Re: [PATCH 2/3] mm: memcontrol: correct the parameter type of __mod_memcg{_lruvec}_state()
From: Harry Yoo (Oracle)
Date: Wed Mar 25 2026 - 03:42:39 EST
On Wed, Mar 25, 2026 at 03:26:46PM +0800, Qi Zheng wrote:
>
>
> On 3/25/26 1:17 PM, Harry Yoo (Oracle) wrote:
> > On Wed, Mar 25, 2026 at 11:25:06AM +0800, Qi Zheng wrote:
> > > On 3/25/26 9:43 AM, Harry Yoo (Oracle) wrote:
> > > > On Tue, Mar 24, 2026 at 07:31:28PM +0800, Qi Zheng wrote:
> > > > > From: Qi Zheng <zhengqi.arch@xxxxxxxxxxxxx>
> > > > >
> > > > > The __mod_memcg_state() and __mod_memcg_lruvec_state() were used to
> > > > > reparent non-hierarchical stats, the values passed to them might exceed
> > > > > the upper limit of the type int, so correct the val parameter type of them
> > > > > to long.
> > > > >
> > > > > Signed-off-by: Qi Zheng <zhengqi.arch@xxxxxxxxxxxxx>
> > > > > ---
> > > > > include/trace/events/memcg.h | 10 +++++-----
> > > > > mm/memcontrol.c | 8 ++++----
> > > > > 2 files changed, 9 insertions(+), 9 deletions(-)
> > > > >
> > > > > diff --git a/mm/memcontrol.c b/mm/memcontrol.c
> > > > > index 7fb9cbc10dfbb..4a78550f6174e 100644
> > > > > --- a/mm/memcontrol.c
> > > > > +++ b/mm/memcontrol.c
> > > > > @@ -527,7 +527,7 @@ unsigned long lruvec_page_state_local(struct lruvec *lruvec,
> > > > > #ifdef CONFIG_MEMCG_V1
> > > > > static void __mod_memcg_lruvec_state(struct mem_cgroup_per_node *pn,
> > > > > - enum node_stat_item idx, int val);
> > > > > + enum node_stat_item idx, long val);
> > > > > void reparent_memcg_lruvec_state_local(struct mem_cgroup *memcg,
> > > > > struct mem_cgroup *parent, int idx)
> > > > > @@ -784,7 +784,7 @@ static int memcg_page_state_unit(int item);
> > > > > * Normalize the value passed into memcg_rstat_updated() to be in pages.
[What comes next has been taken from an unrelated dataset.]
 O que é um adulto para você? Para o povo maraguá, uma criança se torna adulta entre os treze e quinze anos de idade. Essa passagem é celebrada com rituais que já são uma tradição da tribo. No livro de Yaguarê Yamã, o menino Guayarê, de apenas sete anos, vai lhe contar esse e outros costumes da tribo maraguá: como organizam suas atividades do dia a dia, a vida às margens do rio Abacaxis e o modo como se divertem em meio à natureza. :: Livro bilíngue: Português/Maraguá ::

Round
> > > > > * up non-zero sub-page updates to 1 page as zero page updates are ignored.
> > > > > */
> > > > > -static int memcg_state_val_in_pages(int idx, int val)
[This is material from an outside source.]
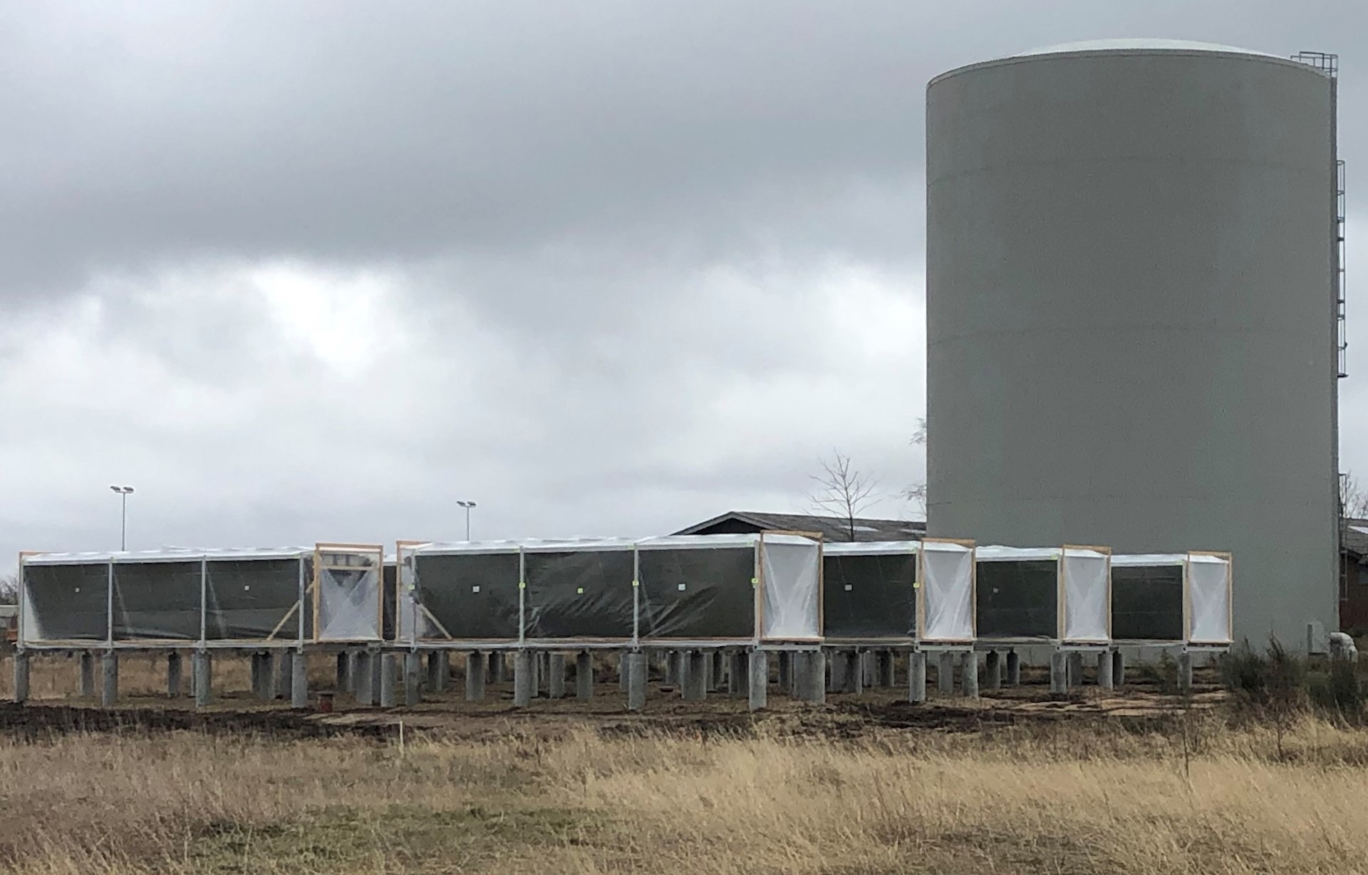 Arbejdet med etablering af varmepumpe anlægget skrider støt fremad. Tirsdag d. 31 marts 2020 blev 8 energifangere monteret på de dertil støbte betonsøjler. Energifangerne skal "suge" energien ud af luften, så varmepumperne kan levere varmt fjernvarmevand.

> > > > > +static long memcg_state_val_in_pages(int idx, long val)
> > > > > {
> > > > > int unit = memcg_page_state_unit(idx);
> > > >
> > > > Sashiko AI made an interesting argument [1] that this could lead to
> > > > incorrectly returning a very large positive number. Let me verify that.
> > > >
> > > > [1] https://sashiko.dev/#/patchset/cover.1774342371.git.zhengqi.arch%40bytedance.com
> > > >
> > > > Sashiko wrote:
> > > > > Does this change inadvertently break the handling of negative byte-sized
> > > > > updates?
> > > > > Looking at the rest of the function:
> > > > > if (!val || unit == PAGE_SIZE)
> > > > > return val;
> > > > > else
> > > > > return max(val * unit / PAGE_SIZE, 1UL);
> > > >
> > > > > PAGE_SIZE is defined as an unsigned long.
> > > >
> > > > Right, it's defined as 1UL << PAGE_SHIFT.
> > > >
> > > > > When val is negative, such as during uncharging of byte-sized stats like
> > > > > MEMCG_ZSWAP_B, the expression val * unit is a negative long.
> > > >
> > > > Right.
> > > >
> > > > > Dividing a signed long by an unsigned long causes the signed long to be
> > > > > promoted to unsigned before division,
> > > >
> > > > Right.
> > > >
> > > > > resulting in a massive positive
> > > > > number instead of a small negative one.
> > > >
> > > > Let's look at an example (assuming unit is 1).
> > > >
> > > > val = val * unit = -16384 (-16 KiB)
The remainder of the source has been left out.